To further assess the membrane-sensitive behavior of the nanofoils, the zwitterionic PC was combined with either the negatively charged PG or with the positively charged DOTAP (1,2-dioleoyl-3-trimethylammonium-propane) (Figure S10). At first, L had similar affinity toward PC–PG as to PC, with initial UV irradiation resulting in a decreased ICD value. However, upon exposure to visible light, the large ICD peak reoccurred, suggesting the restoration of the assembled morphology in a reversible manner (Figure 3a). Interestingly, when employing PC–DOTAP, with 20% of the cationic DOTAP lipids, the ICD value for L showed a gradual decrease for each irradiation cycle until it almost entirely disappeared by the end of the second cycle (Figure 3a). When considering S, neither PC–PG nor PC–DOTAP liposomes had a significant effect on the reversible nature of this morphology during the irradiation cycles tested (Figure 3b). This indicates that the tighter packing in the S morphology likely makes the assembled nanofoils more stable and thus less prone to disassembly in the presence of lipid membranes.
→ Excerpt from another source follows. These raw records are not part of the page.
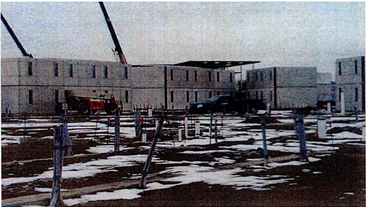
Precast Cell Houses (Looking NW – Exterior View)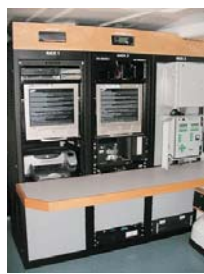
Mobile Receive Site CLIN # 142 A Series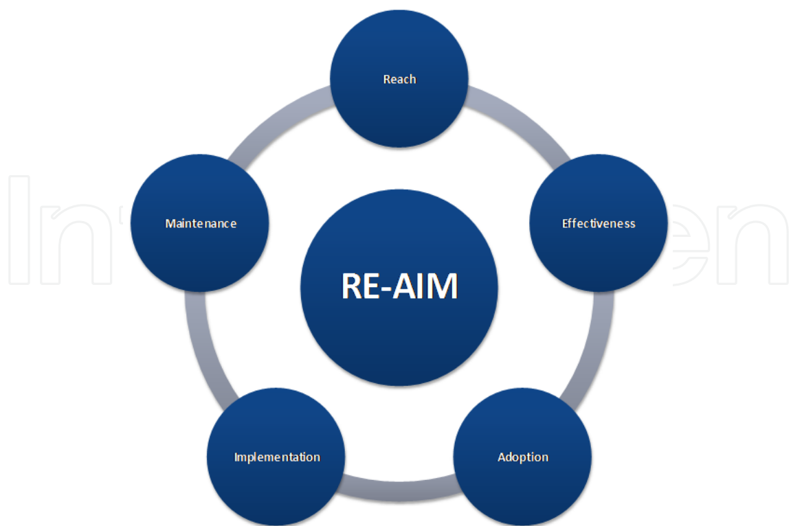
Fig. 1. The RE-AIM Framework

To be effective and meet predetermined expectations, the CDSMP national roll-out necessitated a broad public health perspective. In consultation with translational researchers, AoA administrators drew upon the RE-AIM framework as an organizing framework for program planning and evaluation (Glasgow, et al., 2001; Glasgow, et al., 1999). As part of funding requirements, AoA grantees were expected to describe their use of the RE-AIM model to plan, implement, evaluate, and sustain their proposed health promotion programming.

The difference in stability between S and L can be clearly seen when comparing their interactions for the partial negative and partially positive liposomes. The change from 20% negative lipids in PC–PG to 20% positive ones in PC–DOTAP has significant differences for L but not for S. In a single irradiation cycle, in principle, the relative difference in ICD values seems independent of the liposome used (Figure S10e). However, when using multiple UV–vis cycles (Figure 3), one can observe that for L, a marked gradual decrease appears for PC–DOTAP, whereas a more reversible pattern can be seen for PC–PG. This qualitatively suggests that L with several cycles can be dissolved into PC–DOTAP but not into PC–PG. In contrast, S has the least amount of interactions with PG, and for both PC–PG and PC–DOTAP, it shows a reversible attachment; only the absolute values indicate that for PC–DOTAP, more 1-GLFD are attached to the surface, potentially in a monomeric form.
Overall, L and S have distinct affinities for liposomes with different lipid compositions. For PC liposomes, L can be transferred into a membrane-associated state that likely results in disassembly of the nanolayer morphology. In the presence of PG or PC–PG liposomes, both L and S assemblies seem to mostly retain their reversible nature. In contrast, L with PC–DOTAP demonstrated a stepwise binding to the lipid bilayer during the irradiation cycles, whereas S preserved its reversible nature.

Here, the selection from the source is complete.